I seriously question the idea that the internet is the key!

That's exactly what all the Wall Street pundits said about broadcasting during the late 1920s and television during the late 1940s. Radio, records and movies have all been supposed to go away a half century ago but it never happened. If history means anything, I'd argue the internet is simply a different medium that won't really replace anything although it will raise the bar and change the requirements for other media to remain engaging.

I've never seen a case where the advertiser doesn't ultimately want to control all content associated with their ad. Radio could only operate free of this between the 1950s when it was considered on its last legs financially and the 1990s when cheap computing finally made the kind of market research that had already turned television into a "vast wasteland" affordable to advertisers. The need to please advertisers is music's biggest single creative problem today. I'd argue this is a big part of why we now have a few generations who view recordings as being mere genre-flavored background music that isn't worth paying for.

It's very hard for me to imagine any advertising supported media being a solution to connecting new artists and fans together. No advertiser is going to be willing to take that kind of risk when for the same money they can be associated with a "known" quantity.
The most basic problem is that advertisers will only generally support what's old while ordinary people are more than happy to embrace what's new provided they can get exposed to it.
Every artist is both the brand and the star salesperson. Entertainment is by definition a bottom-up, totally branded business. Any attempt to treat it as being generic or manage it from the top down is destined to fail.

This is a lot of why Wall Street and Sand Hill Road can't possibly comprehend the entertainment business. It's a clash of egos at the most basic level.
It will once again probably be an end-run around Madison Avenue using local and regional venues that appeal to high school and college kids. Music is a social thing. People go hear certain artists to meet and hang out with other fans.

Think about what Alan Freed, Bill Graham and Albert Grossman did while the industry was still oriented around swing bands.
I'd just like to add that I've had a horrible experience with the Orchard, their customer service and ability to get music on itunes for an indie artist can take up to a couple years if ever. A label I created for an artist's cd project was put on the backburner. I have nothing but horrible things to say about the company. Before I signed with them, a friend warned against it. Saying that several artist friends never got paid a dime for their royalties. If I hear anything with the "The Orchard" attached to it I run and think it's a scam. Feel free to email me if you have any specific questions. I highly discourage working with them in any fashion.
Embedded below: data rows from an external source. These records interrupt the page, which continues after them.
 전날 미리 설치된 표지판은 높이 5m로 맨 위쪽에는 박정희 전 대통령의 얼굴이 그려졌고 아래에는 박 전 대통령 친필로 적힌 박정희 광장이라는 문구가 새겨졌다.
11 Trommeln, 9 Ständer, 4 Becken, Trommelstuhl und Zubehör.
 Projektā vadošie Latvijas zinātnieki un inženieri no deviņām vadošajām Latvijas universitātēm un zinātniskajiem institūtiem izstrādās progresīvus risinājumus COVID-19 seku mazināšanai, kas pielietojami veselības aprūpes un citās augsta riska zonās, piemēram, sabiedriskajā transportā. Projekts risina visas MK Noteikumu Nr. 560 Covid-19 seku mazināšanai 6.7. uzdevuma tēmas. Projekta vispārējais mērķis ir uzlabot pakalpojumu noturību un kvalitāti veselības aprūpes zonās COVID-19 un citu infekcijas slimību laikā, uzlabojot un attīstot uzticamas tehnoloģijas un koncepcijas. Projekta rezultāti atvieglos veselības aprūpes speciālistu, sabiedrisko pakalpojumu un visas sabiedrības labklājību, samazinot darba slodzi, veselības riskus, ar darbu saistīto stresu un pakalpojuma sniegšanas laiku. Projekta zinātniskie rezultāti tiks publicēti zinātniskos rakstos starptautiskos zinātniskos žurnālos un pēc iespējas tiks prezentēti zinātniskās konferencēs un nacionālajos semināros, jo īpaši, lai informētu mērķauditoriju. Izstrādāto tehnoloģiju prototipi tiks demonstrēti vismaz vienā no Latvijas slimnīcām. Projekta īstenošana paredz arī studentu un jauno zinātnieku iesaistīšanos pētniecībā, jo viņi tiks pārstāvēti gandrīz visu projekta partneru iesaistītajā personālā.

I could have gotten the cd on itunes with cd baby much easier...
On a more simple note--

If this venture means in the end will have more music selection available for mp3 download, I'm all for it.
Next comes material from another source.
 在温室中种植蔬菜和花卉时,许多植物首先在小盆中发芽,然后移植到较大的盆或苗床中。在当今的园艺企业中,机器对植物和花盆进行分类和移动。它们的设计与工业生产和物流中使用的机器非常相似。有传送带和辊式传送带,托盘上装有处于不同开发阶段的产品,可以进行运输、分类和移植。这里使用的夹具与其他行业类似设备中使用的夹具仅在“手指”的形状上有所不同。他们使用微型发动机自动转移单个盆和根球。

I switched from iTunes to Amazon to buy mp3s a while back and the only downside is a slightly limited selection.

iTunes = protected AAC files at 128 kbps (which is not my preferred compression rate, and I'd say too low)
99 cents per song (option of slightly more $ for a better compression rate)

Amazon = unprotected Mp3 files at 256 kbps (which is over my typical compression rate that I rip the CDs I own)
89 cents per song

It was simple to me when it first started.... you have more freedom with the product you purchase, it's 10 cents cheaper and it's double the quality.